> _EXERCISE DESCRIPTION_: Everything from the opening line of the records below through the line with "Bezhalogénový nie CO2" must be duplicated exactly, pictures left out.

> _PROVIDED RECORDS_:

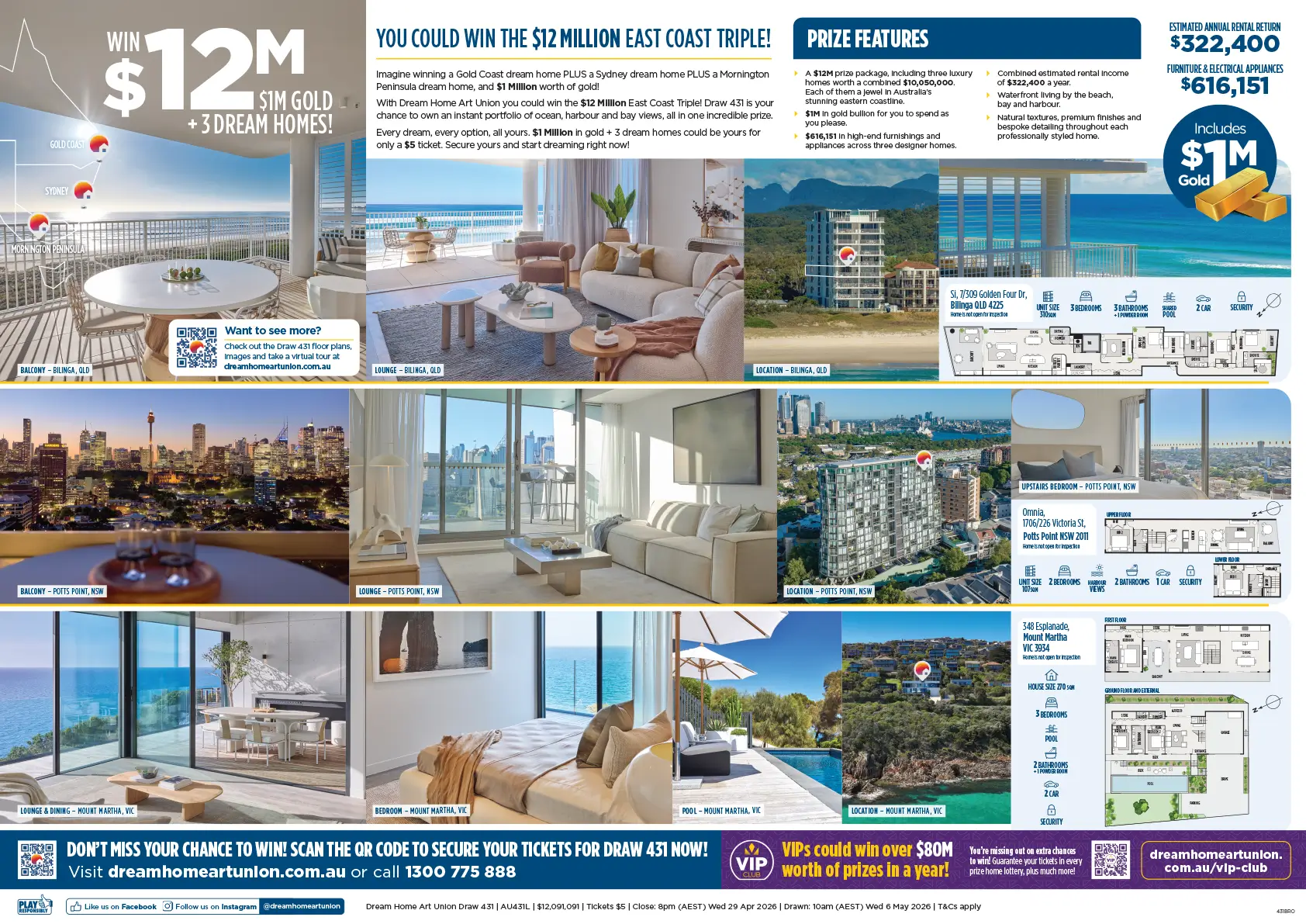 Dream Home Art Union Draw 431 presents the $12 Million East Coast Triple – an extraordinary portfolio of three dream homes along Australia’s most iconic coastal settings. With $1 Million in gold bullion included, this prize isn’t just about homes – it’s a complete shift in how you could live.
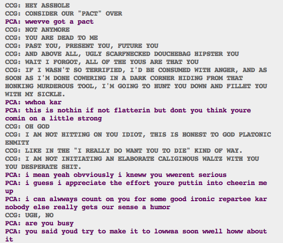 >>150909325FCG vs CCG while Jade watchesThe RRPT memo in A5A2The shipping chartCCG banned FAG from responding to memo.CCG: LATER, FAG.I genuinely think Act 5 Karkat was the funniest character in the comic
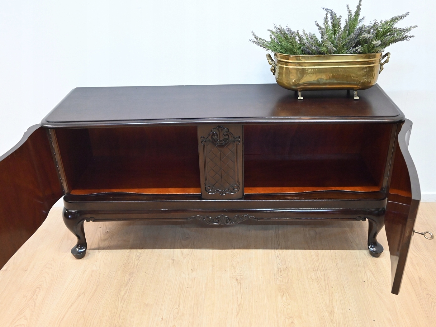 Низкий шкаф на изогнутых ножках.
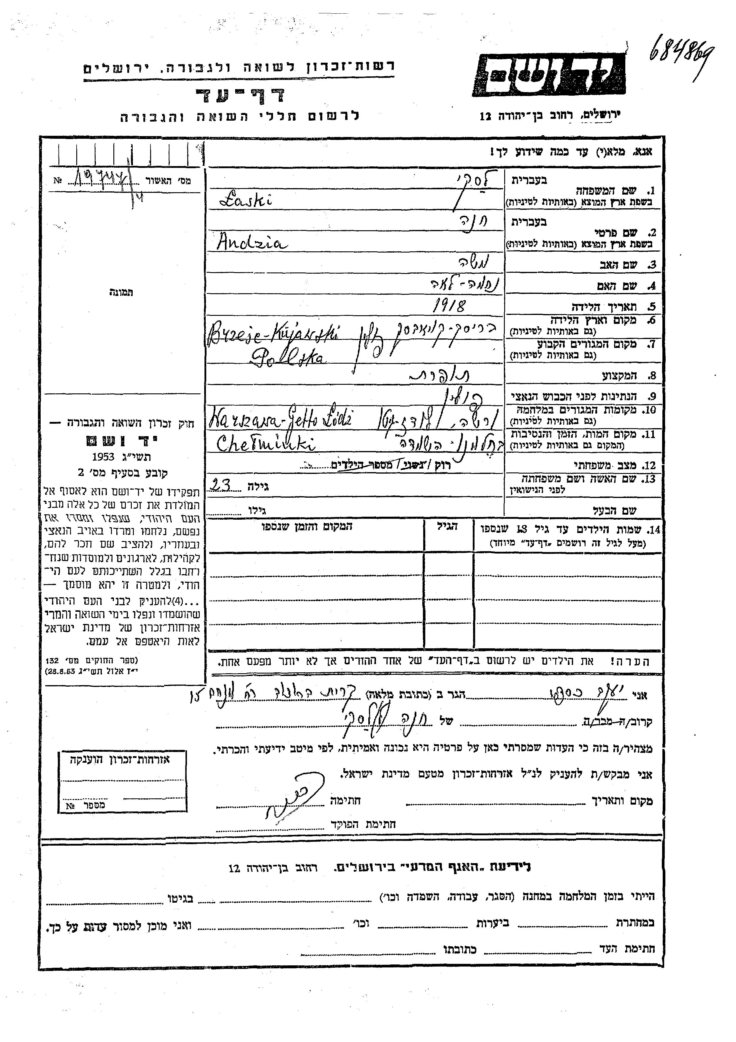 Andzia Khana Laski was born in Brzesc Kujawski, Poland, 1918 to Moshe and Nekhama Lea. She was a seamstress and single. Prior to WWII she lived in Poland. During the war she was in Lodz, Poland. Andzia Khana was murdered in the Shoah. Place of death: Chelminki.
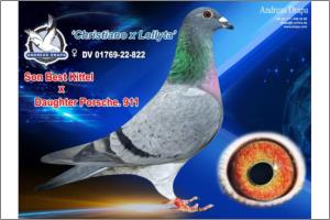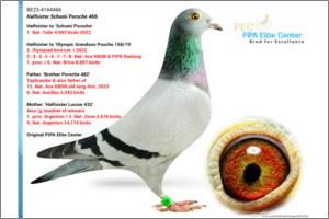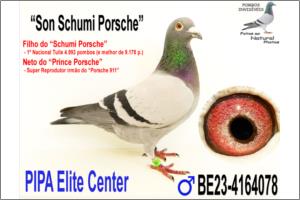 "Son Schumi Porsche" Azul, original PIPA, filho do Schumi Porsche que venceu 1º Nacional Tulle contra 4.993 pombos e mais rápido de 9.178 p., 29º Reg Toury 762 p. O Schumi é filho de um irmão legítimo do Porsche 911. Filho da Princes Shaina que é mãe e avó de vários pombos com classificações de topo Nacional, é meia-irmã do Olympic Bourges: 1º Olímpico Cat B '19, é filha do Prince Porsche - Super reprodutor irmão do Porsche 911
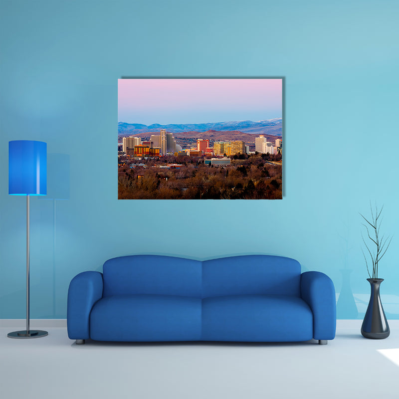 The Reno, known as The Biggest Little City in the World, is famous for its casinos, and is the birthplace of the Gaming Corporation Harrah's Entertainment has been presented in this cheap canvas print by the clarnia store, Reno, known as The Biggest Little City in the World, multi panel canvas wall art. The whole environment in this print is clear and the city is giving a very crowdie look of its outer areas. The city that you can see in this canvas print is the biggest little city in the world.
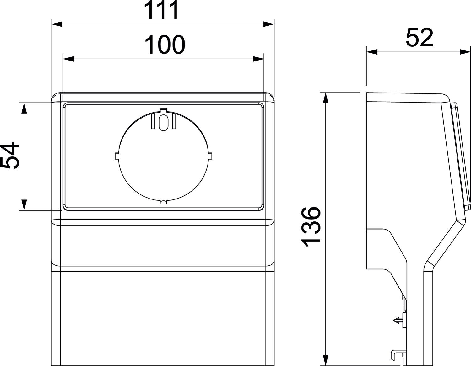 Bezhalogénový nie CO2 stopa (GWP) od kolísky po bránu 0,4135 kg CO2e / 1 Kus Dekorácia bez Dĺžka 52 mm Farba čisto biela; RAL 9010 Materiál Polyvinylchlorid Osadenie bez Šírka 111 mm Spôsob montáže inštalačného prístroja s centrálnou podložkou Stupeň krytia IP40 Stupeň krytia kód IK IK06 Teplotný rozsah použitia max. 60 °C Teplotný rozsah použitia min. -5 °C Výška 136 mm  - Všetky typy
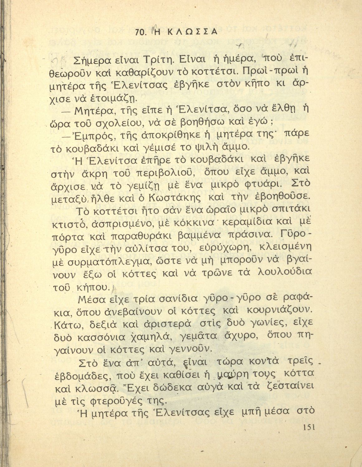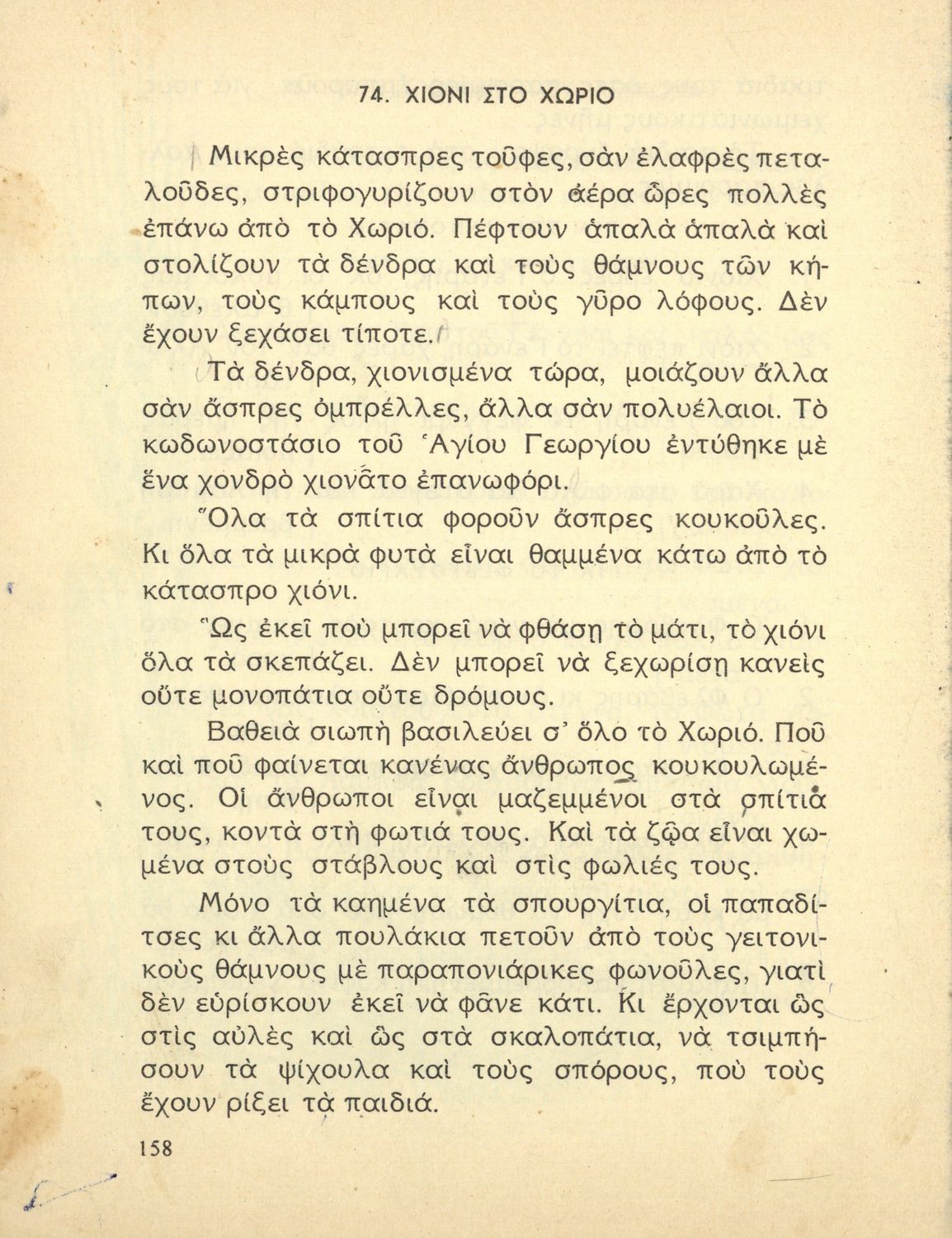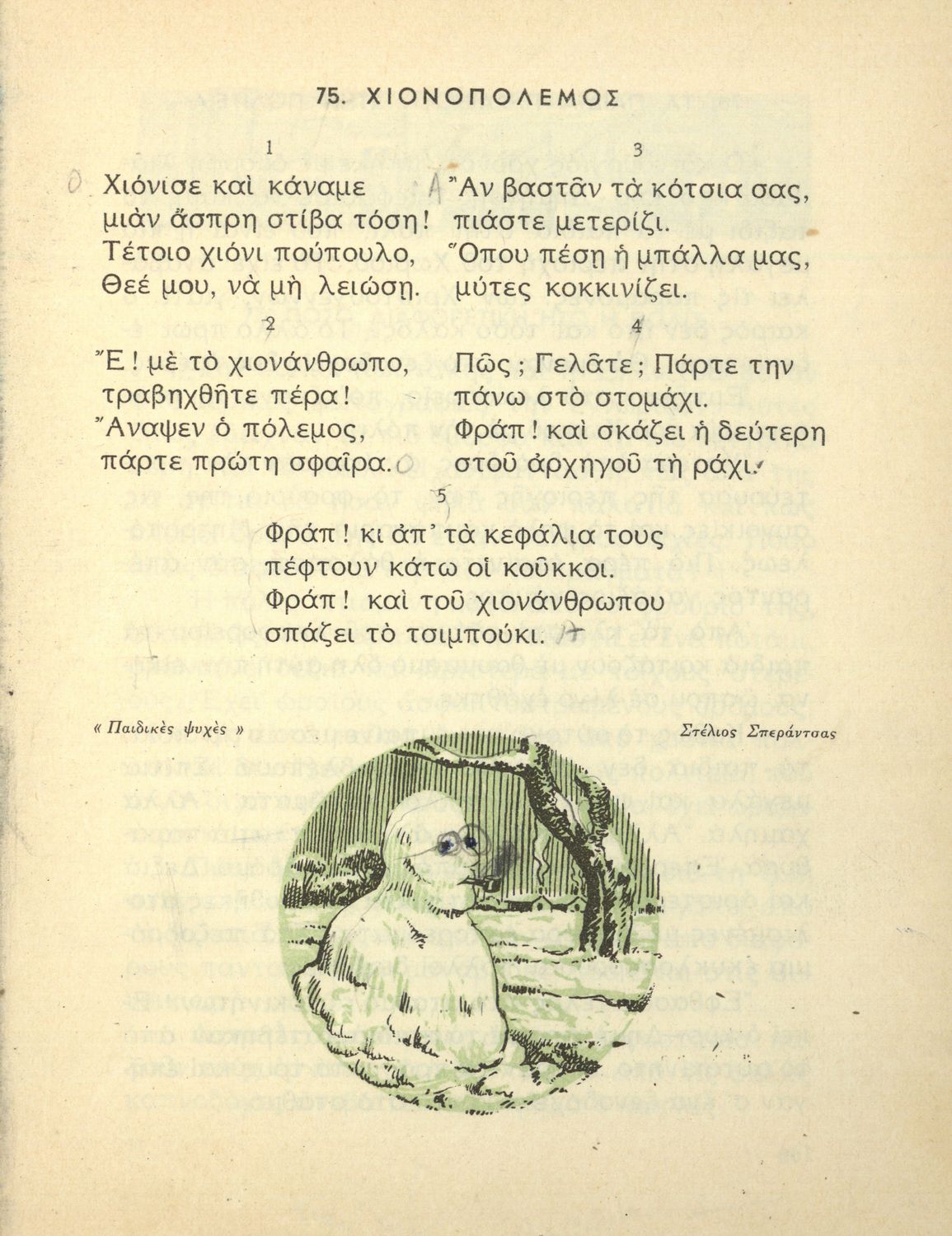 Αναγνωστικό της Γ΄ Δημοτικού που περιλαμβάνει μικρές ιστορίες εθνικιστικού περιεχομένου εμπνευσμένες από την ύπαιθρο, την οικογενειακή και κοινωνική ζωή αλλά και το εθνικό παρελθόν.
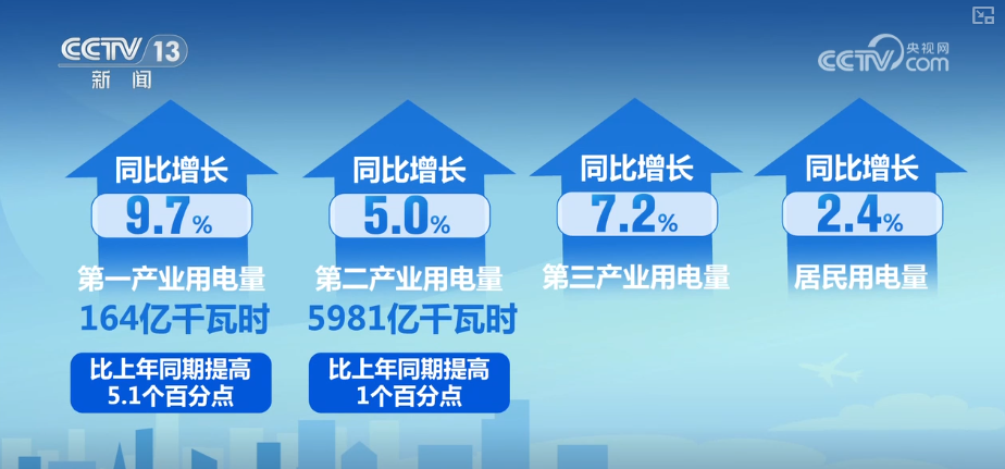 數據顯示,第一產業(yè)和第二產業(yè)用電量保持較快增長,第三產業(yè)和居民用電量有所回落。具體看,第一產業(yè)用電量164億千瓦時,同比增長9.7%,比上年同期提高5.1個百分點;第二產業(yè)用電量5981億千瓦時,同比增長5.0%,比上年同期提高1個百分點;第三產業(yè)和居民用電量分別同比增長7.2%和2.4%。
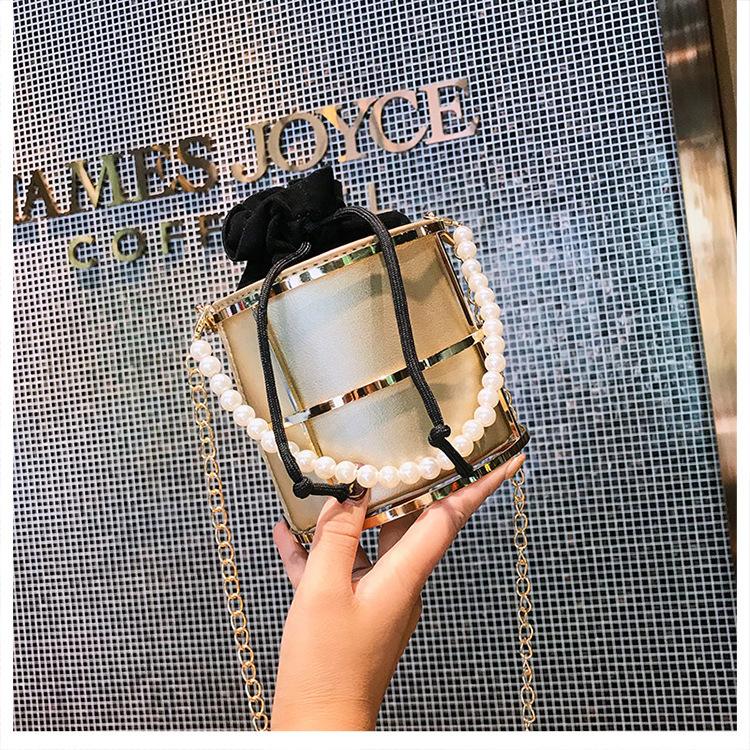 Новая персонализированная переносная обеденная сумка-ведро с полостью, сумка на плечо с цепочкой и жемчугом, сумка в виде клетки для птиц в европейско-американском стиле. золотой
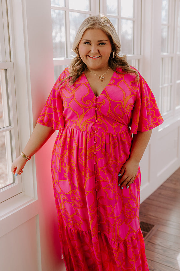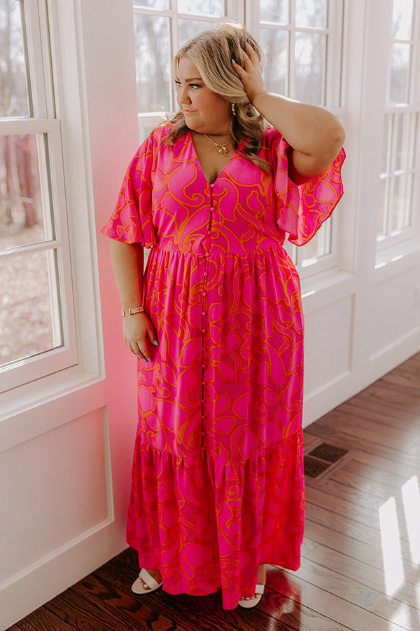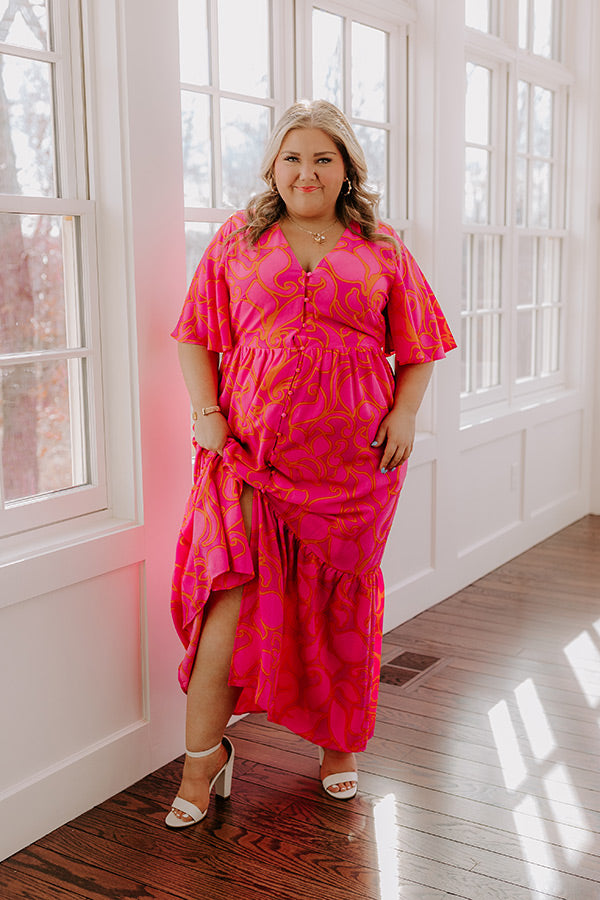 Sailboat Soiree Floral Maxi Dress in Hot Pink Curves

> _TASK RESPONSE_:
 Dream Home Art Union Draw 431 presents the $12 Million East Coast Triple – an extraordinary portfolio of three dream homes along Australia’s most iconic coastal settings. With $1 Million in gold bullion included, this prize isn’t just about homes – it’s a complete shift in how you could live.
 >>150909325FCG vs CCG while Jade watchesThe RRPT memo in A5A2The shipping chartCCG banned FAG from responding to memo.CCG: LATER, FAG.I genuinely think Act 5 Karkat was the funniest character in the comic
 Низкий шкаф на изогнутых ножках.
 Andzia Khana Laski was born in Brzesc Kujawski, Poland, 1918 to Moshe and Nekhama Lea. She was a seamstress and single. Prior to WWII she lived in Poland. During the war she was in Lodz, Poland. Andzia Khana was murdered in the Shoah. Place of death: Chelminki.
 "Son Schumi Porsche" Azul, original PIPA, filho do Schumi Porsche que venceu 1º Nacional Tulle contra 4.993 pombos e mais rápido de 9.178 p., 29º Reg Toury 762 p. O Schumi é filho de um irmão legítimo do Porsche 911. Filho da Princes Shaina que é mãe e avó de vários pombos com classificações de topo Nacional, é meia-irmã do Olympic Bourges: 1º Olímpico Cat B '19, é filha do Prince Porsche - Super reprodutor irmão do Porsche 911
 The Reno, known as The Biggest Little City in the World, is famous for its casinos, and is the birthplace of the Gaming Corporation Harrah's Entertainment has been presented in this cheap canvas print by the clarnia store, Reno, known as The Biggest Little City in the World, multi panel canvas wall art. The whole environment in this print is clear and the city is giving a very crowdie look of its outer areas. The city that you can see in this canvas print is the biggest little city in the world.
 Bezhalogénový nie CO2 stopa (GWP) od kolísky po bránu 0,4135 kg CO2e / 1 Kus Dekorácia bez Dĺžka 52 mm Farba čisto biela; RAL 9010 Materiál Polyvinylchlorid Osadenie bez Šírka 111 mm Spôsob montáže inštalačného prístroja s centrálnou podložkou Stupeň krytia IP40 Stupeň krytia kód IK IK06 Teplotný rozsah použitia max. 60 °C Teplotný rozsah použitia min. -5 °C Výška 136 mm  - Všetky typy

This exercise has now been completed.